If you do not find this movie as funny as I do, at least it doesn't last longer than 59 minutes; with that runtime it may have been cut down, but honestly, with this plot how could you tell? It is as pure a piece of nonsense as I have seen from its era and if it is probably too narrative for Dada, it's too exploded for anything else. In addition to the sequences mentioned above, I am especially fond of the payoff of the Los Angeles Special as well as the line "Sorry, Madame is only resisted from two to four in the afternoon." I saw the film at the microcinema of the Somerville Theatre courtesy of Channel Zero, which screened The Fatal Glass of Beer (1933) to follow and at least one other Fields short which I did not see because
spatch and I had to catch one of the ever more elusive buses of the MBTA; the title, for the record, makes the most sense referring to the sprinting major-domo, not either of the female leads.

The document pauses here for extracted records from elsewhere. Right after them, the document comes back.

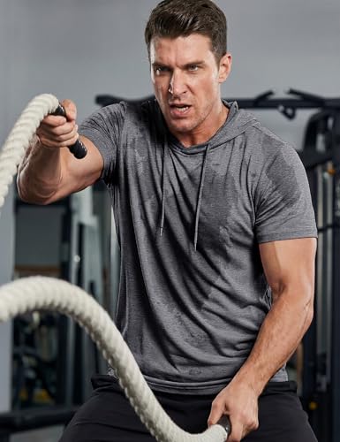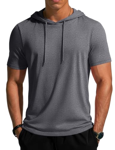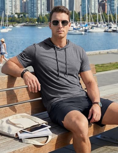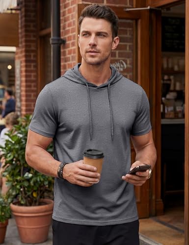MAGCOMSEN Short Sleeve Hoodie for Men Gym to Street Tshirt Muscle Regular Fit Sweatshirts Lightweight Cotton Hooded Tops
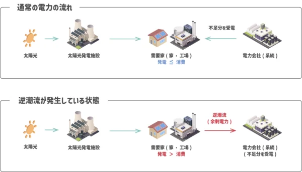 逆潮流とは、太陽光発電などで発電された電力を、系統連系を通じて商用電力系統へ送り返すことを指します。通常、電力は「電力会社 → 需要家」という向きに流れますが、太陽光発電設備などを設置すると「需要家 → 電力系統」という […]
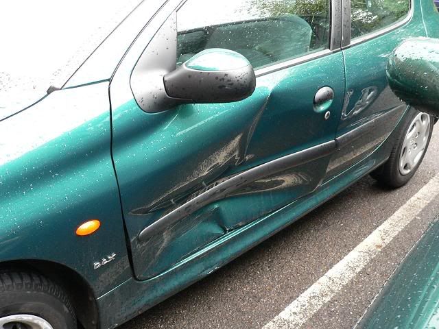 main prob i have now is the car, mine looks pretty minor the damage to mine is on the hard part ... the osf corner, the bumpers bent the bumper support is bent, the foglight, the headlights smashed, indecators smashed and wings slightly bent, worst of all the car wont start hardly at all now and theres a strong smell of diesel, i have driven it home but can taste it and feel it in my skin its nasty

The opening credits play over a little cartoon of the Klopstokian national goat causing adorable havoc. I really have to track down Wheeler and Woolsey's Diplomaniacs (1933) now. This anarchy brought to you by my competitive backers at Patreon.
Seriously, almost nothing I say about Million Dollar Legs (1932) is going to help. It was effectively commissioned by Paramount as a tie-in with the 1932 Summer Olympics, but the not yet Academy Award-winning brothers Herman J. and Joseph L. Mankiewicz forewent the expected sports clichés and rose past the occasion with a genially relentless gallimaufry of gags suggesting that one or more writers consumed the complete works of Tristan Tzara plus chaser and then spent the weekend with a typewriter at the Y; the resulting plot is attenuated to the point of vestigiality, but if the characters don't mind it, why should you? Ruritania this time around is the Balkan-ish backwater of Klopstokia ("Chief Exports . . . Goats and Nuts. Chief Imports . . . Goats and Nuts. Chief Inhabitants . . . Goats and Nuts") where all the men are named George, all the women are named Angela, and all the children, if the younger brother of the heroine is any guide, are Western-obsessed little hellions prone to shooting strangers in the ass. Everyone drinks a lot of goat's milk. With preposterous topicality, Klopstokian politics are the natural endpoint of the strongman craze then sweeping the globe: their health-nut President (W.C. Fields, delightfully against type) got his office by arm-wrestling for it and now faces a perpetual challenge in kind from his ambitious Secretary of the Treasury (Hugh Herbert, schemingly against type) and the rest of his treacherous cabinet (Billy Gilbert, Irving Bacon et alii veterans of Keystone) who recite their oaths of allegiance with their fingers crossed behind their backs. Meanwhile the streets are full of black-clad spies, the economy's in the red for $8 million, it's a bit of a crisis, really. Enter American Migg Tweeny (Jack Oakie, the original world's oldest freshman), a bright-eyed brush salesman whose eccentric boss has always dreamed of endowing a record-breaking Olympic team. If Klopstokian strength and orneriness can clean up in Los Angeles, the solvency problem is, er, solved—so long as the cabinet, overrunning the welfare of their country in their zeal to discredit the President, don't blow the works with their nefarious counterplot. Got it? All right, now forget it. Like I said, the characters do.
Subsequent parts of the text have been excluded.